… … …(記事全文8,393文字)それにしても酷い記者会見だった。日本維新の会に所属する兵庫県議会の議員3人が2月23日、神戸市内で行った会見のことだ。この会見には岸口実と増山誠、白井孝明の県議3人が出席し、N党の立花孝志に情報を横流ししたとされる問題について釈明した。時間も質問が途切れるまでという無制限のもので、最終的には延々約7時間も行われた。
タレントの中居正広によるスキャンダルで渦中のフジテレビが、同じく時間無制限の記者会見を今年1月27日に行い、こちらは10時間半にも及ぶ超ロングランのものになった。あまたある記者会見の中には、都合の悪い質問や回答が出ると、司会者が「そろそろ終わらせていただきます」と半ば強引にぶった切ってしまうものがある。フジテレビの場合はそれよりマシだが、昨今は時間無制限がトレンドになりつつあるのか。会見する側も取材する側もご苦労なことである。
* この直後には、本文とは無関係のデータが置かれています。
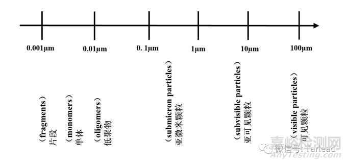 隨著分散系物理化學(xué)狀態(tài)的變化,當(dāng)形成聚體的分子增加時,導(dǎo)致聚體直徑越來越大,逐漸形成亞可見顆粒甚至可見顆粒;當(dāng)抗體分子斷裂成片段或其糖鏈發(fā)生降解??赡軐?dǎo)致溶液顏色變深。如圖2所示:片段為1-10nm,單體(Monomers)為5-15nm,低聚物為10-100nm,亞可見顆?;虿蝗苄晕⒘?0-100μm,可見顆?;蚩梢姰愇餅榇笥诘扔?0μm。
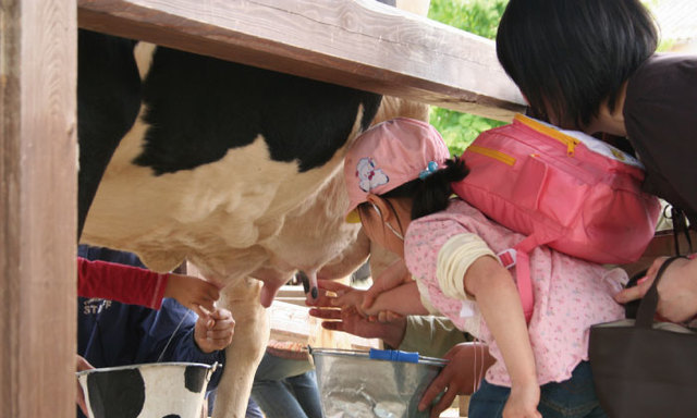 牧場内では毎日11:30分と14:30分の2回、乳しぼり体験を行っています。スタッフの方が子どもたちにしぼり方を優しく教えてくれるので初めてでも大丈夫。
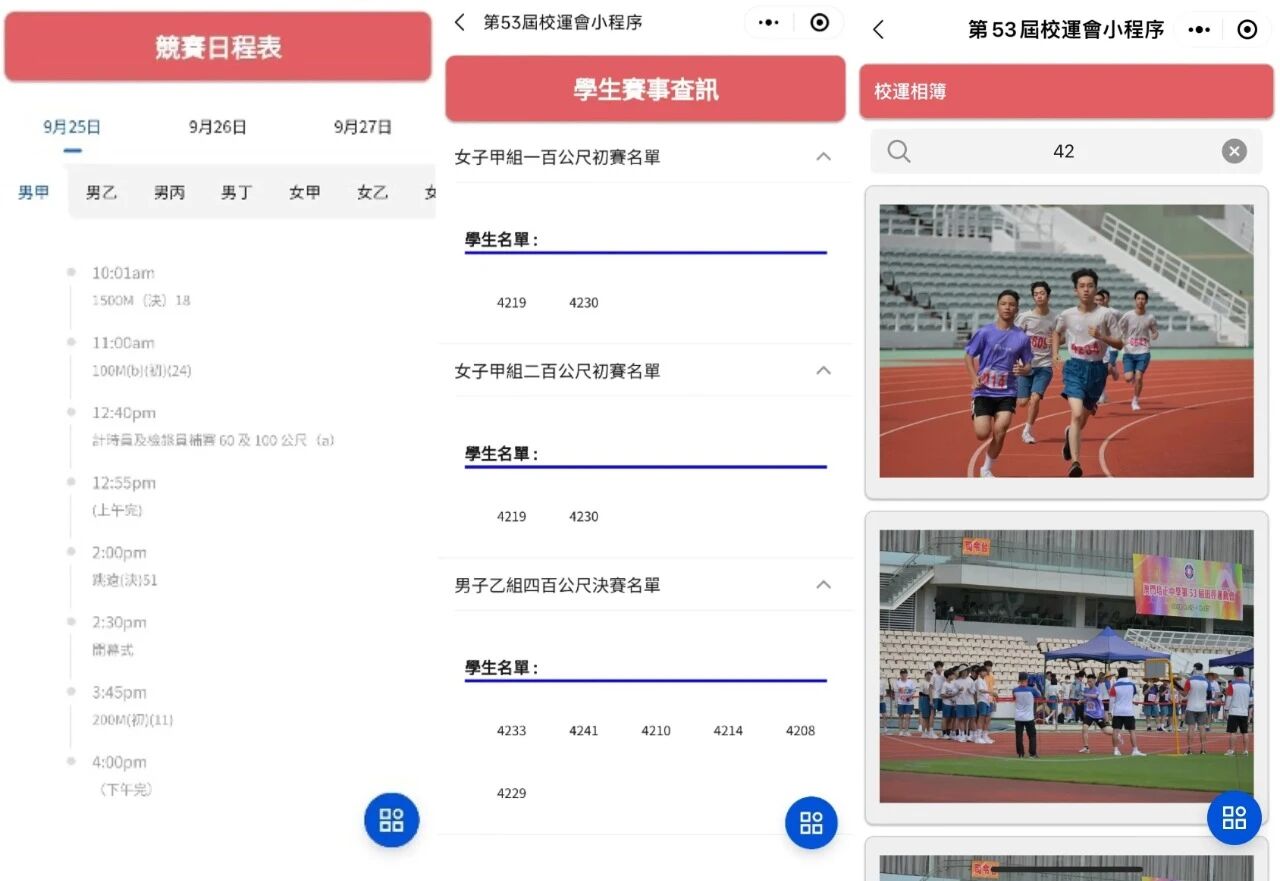 9月25日,在澳门培正中学为期三天的校运会上,“第53届校运会小程序”成为了同学、老师和家长的校运会“消息通”,比赛资讯与成绩查询、校运会相册、比赛日程表、校运会消息公告等一般运动类小程序该有的功能,“第53届校运会小程序”一个不落都安排上了,老师、学生无需奔波,就可以在手机上了解校运会的重要资讯。
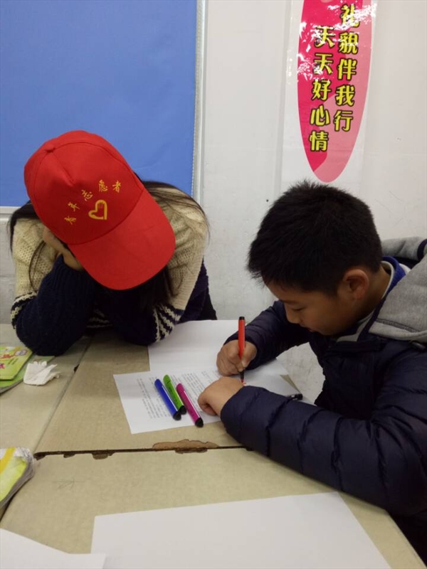 在早上7点50分志愿者们在高教园区始发站集合,5分钟后在确认所有志愿者到达后坐上了前往丽岙一小的公交车。在大约40分钟后到达了丽岙小学,在告知丽岙负责人后,志愿者们来到活动教室开始了现场的布置,在志愿者坐到分派好的位子后,孩子们来到了活动教室,选择好一起活动的志愿者们。志愿者和孩子们在5分钟内熟悉了彼此,紧接着主持人开始讲述活动意义并与孩子们进行了互动,孩子们的回应十分的热情。主持人的讲话结束,志愿者们分发下白纸和彩笔以及有关环保的文字材料。小朋友们开始和志愿者们讨论起手抄报的构想,在一段的不短的认真讨论后,孩子们开始着手画了起来,虽然孩子们的画笔略微稚嫩,但在志愿者们的帮助下,没有偏离环保的主题,萌发新芽的树枝像是在诉说着种下树木的喜悦,滴水的水龙头在纸上哭泣着自己的不幸,绿色的爱心微弱的搏动,却仍旧激荡着我们的心灵。孩子们的想法多姿多彩,不时让志愿者们感叹,虽然在活动的过程中有孩子表达了自己绘画的困难,甚至想要放弃,但是志愿者们坚持和教导下,还是提起了画笔勇敢的画下心中的想法,。与此不同的是,另外一些孩子们在创作的过程中坚持自己的主见,在极少依靠志愿者的情况下,完美的完成了自己的作品,当然最多的还是和志愿者的共同协作下顺利完成了自己的作品。而在手抄报上写上文字材料的时候,孩子们需要先阅读一边我们提供的材料,再进行选择抄写,目的是为了加深孩子们对环境和环保现状理解的加深,并由此提高孩子们环保的意识。虽然材料对孩子们有一定的难度,可小朋友们在志愿者的帮忙解读下明白了材料中的内容,还十分准确的选取了材料中的关键内容增添到了自己的手抄报之中。在一个多小时的协同创作后,孩子们富有童趣和精致的环保手抄报都已完成,在志愿者的强烈要求之下,孩子们带着自己的画作与自己的志愿者一起来了一张开心的合影,在每个孩子都拍摄完后,进行了集体的大合影,在等待着孩子们安全回家后,志愿者们收拾了活动现场,返回了公司。

維新の会見では新聞やテレビ、週刊誌といった既存のマスコミのほか、フリーランスのジャーナリストやネットメディアなど約50名が参加した。中には県知事選でボランティアとして斎藤元彦を支援し、いまもX(旧・ツイッター) などで斎藤応援団として著名な人物までが参加。堂々と質問までしていた。他にも、明らかに政治的な偏向が見られるネットニュースの個人経営者や、昨年の衆院選で関東地方から日本維新の候補として出馬し、落選した女性まで参加していた。いずれも肩書は「ジャーナリスト」「報道関係者」だったようだが、今回のように記者、ジャーナリストとして何の実績もない人物が参加できる記者会見も珍しい。いや、珍しいというよりも聞いたことがない。
「記者会見」とは、プロの記者が出席するから記者会見なのだ。記事や論評を書くことと無縁な素人サンが参加できる会見を記者会見と呼んでいいのか疑問である。たまに自治体や政治団体などが小中学生に記者会見を経験させることがあるが、あれは教育の一環であり、あくまでも模擬会見にすぎない。